● DATASET EXTRACT:
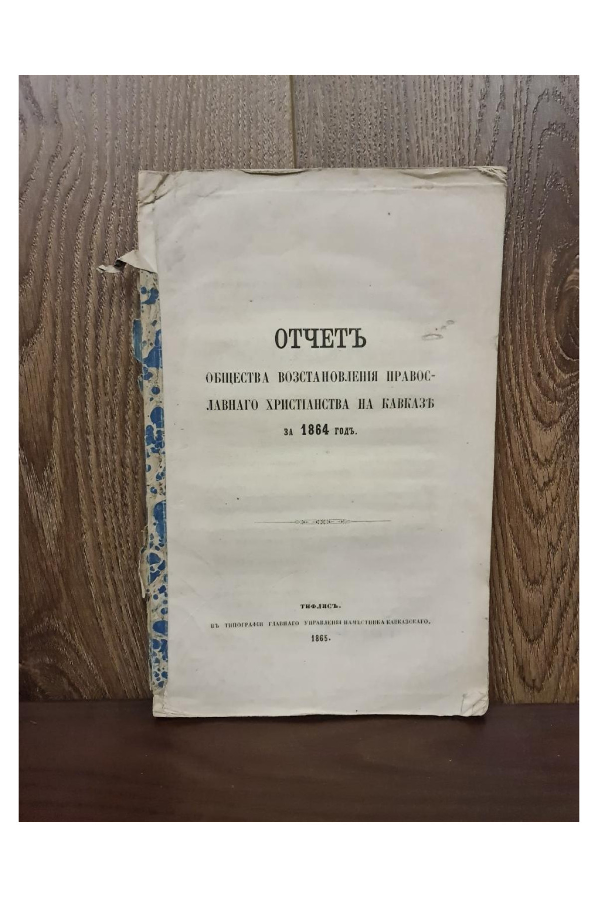 Этот отчет был издан в 1864 году и содержит детальную информацию о деятельности Общества Восстановления Православного Христианства на Кавказе. В документе приводятся сведения о миссионерской работе, строительстве храмов, образовательных инициативах, финансировании, а также взаимодействии с местными народами Кавказа.
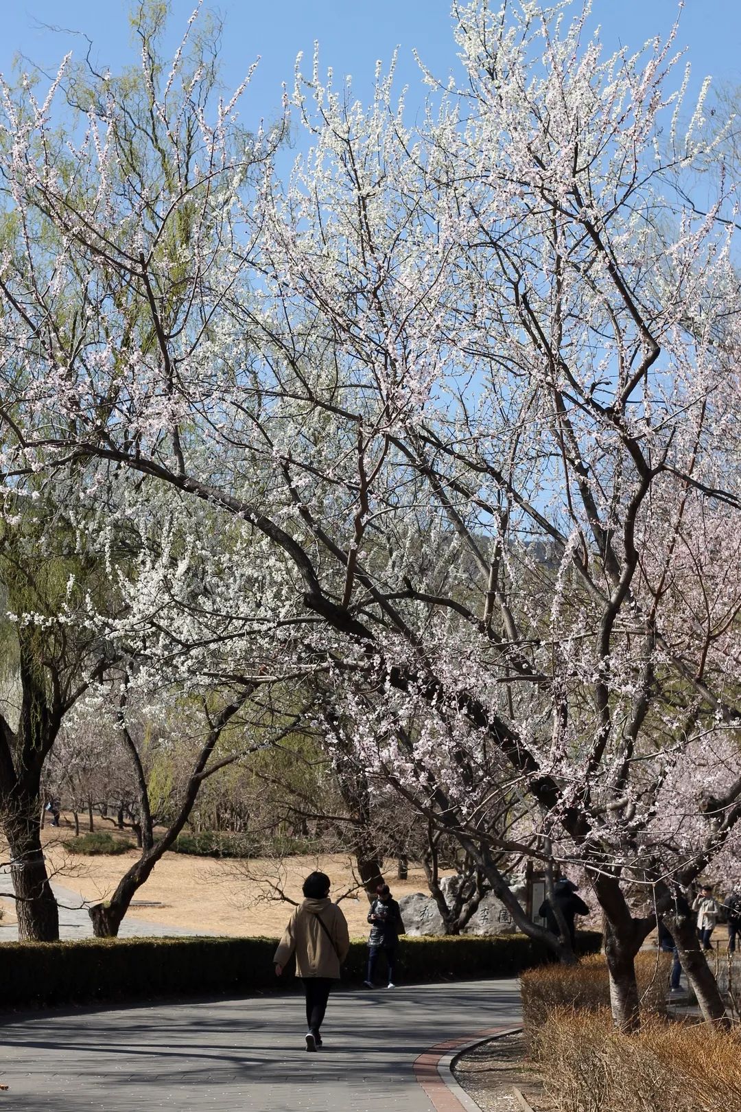 树真好呀,更何况是一棵开花的树,没有人会对它无动于衷,春风里来来往往的人都好看,都表情舒展神采奕奕,都仰着头,伸着手机与花合影,真是一小段被赋予轻度魔力的路。总之是让人感到珍惜的树,倒也不完全是因为它处在好看的宫墙外。不管长在哪里,这样有时间感的大树,都会让人在心里感念。
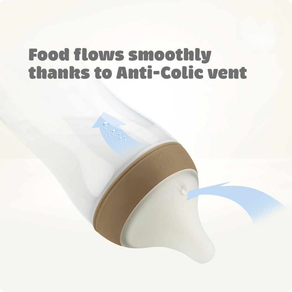 are choosing a bottle with an anti-colic feature. All NUK bottles feature an innovative Anti-Colic vent system which helps to reduce the risk of infant colic. The valve allows air into the bottle during feeding which prevents an air vacuum and allows baby to feed continuously without swallowing air. In addition, always ensure your baby has a good seal around the nipple to prevent baby from swallowing air from the sides of their mouth.
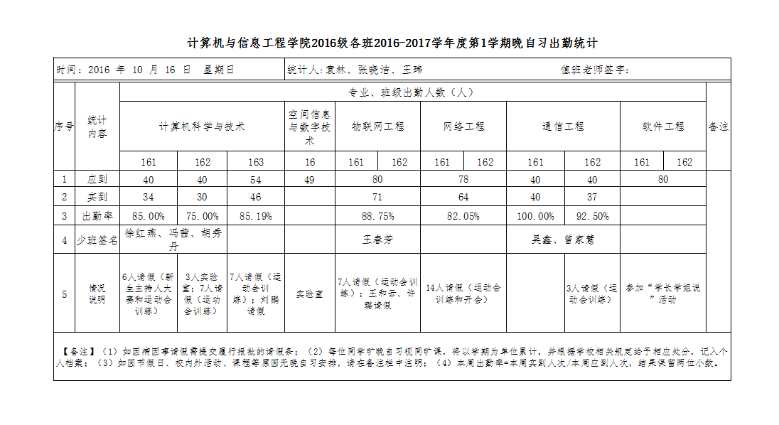 10月16日大一晚自习出勤情况通报

● PROBLEM TO SOLVE:
An exact copy of the lines above, from the first through the line that holds "树真好呀,更何况是一棵开花的", is what is needed; leave the pictures out.

● ANSWER BOX:
 Этот отчет был издан в 1864 году и содержит детальную информацию о деятельности Общества Восстановления Православного Христианства на Кавказе. В документе приводятся сведения о миссионерской работе, строительстве храмов, образовательных инициативах, финансировании, а также взаимодействии с местными народами Кавказа.
 树真好呀,更何况是一棵开花的树,没有人会对它无动于衷,春风里来来往往的人都好看,都表情舒展神采奕奕,都仰着头,伸着手机与花合影,真是一小段被赋予轻度魔力的路。总之是让人感到珍惜的树,倒也不完全是因为它处在好看的宫墙外。不管长在哪里,这样有时间感的大树,都会让人在心里感念。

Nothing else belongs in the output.